Notre organisation veillera à ce que ces annonces se fassent le plus en amont possible pour que tous les agents puissent en bénéficier et organiser leur activité professionnelle en conséquence.
Nous demanderons également une concertation avec les autres ministères (et notamment celui de l’intérieur) pour garantir que les agents du ministère en administration centrale aient le même traitement que ceux affectés à la DRIAAF ou dans les DDI d’Île-de-France.

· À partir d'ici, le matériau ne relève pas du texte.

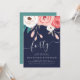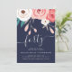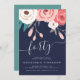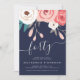 Um bonito convite de aniversário que combina flores com tipografia. Este design apresenta um grande buquê superior em coral, branco e rosa, "quarenta" em letra bonito do estilo caligrafia moderna, sobre um fundo de azul marinho. Os detalhes da festa estão na fonte branca moderna sans serif. O reverso está em verde verde-real com um padrão de treliças sobreposto.

Enfin, est-il utile de rappeler que s’agissant du télétravail exceptionnel en cas de circonstances exceptionnelles, le décret n°2016-151 du 11 février 2016, mais aussi l’article 13 de l’accord cadre relatif à la mise en œuvre du télétravail dans la fonction publique du 13 juillet 2021 et celui du ministère en date du 24 février 2022 permettent d’y avoir recours.
Désormais le décret n° 2025-482 du 27 mai 2025 relatif à la protection des travailleurs contre les risques liés à la chaleur applicable depuis le 1er juillet 2025, considère que le ministère en tant qu’employeur fait prendre un risque en ne prenant pas les mesures adéquates parmi lesquelles figurent le TT exceptionnel, pour préserver la santé de ses agents en cas de fortes chaleurs.
Il serait souhaitable que le ministère anticipe davantage ces évènements exceptionnels et que dans le cadre des instances de dialogue social, il puisse être convenu d’un meilleur cadrage du déclenchement des mesures permettant d’y faire face. La CFDT-Agriculture ne manquera pas d’en faire un véritable sujet de concertation et de signaler que ce sujet fait aussi partie de l’attractivité du ministère.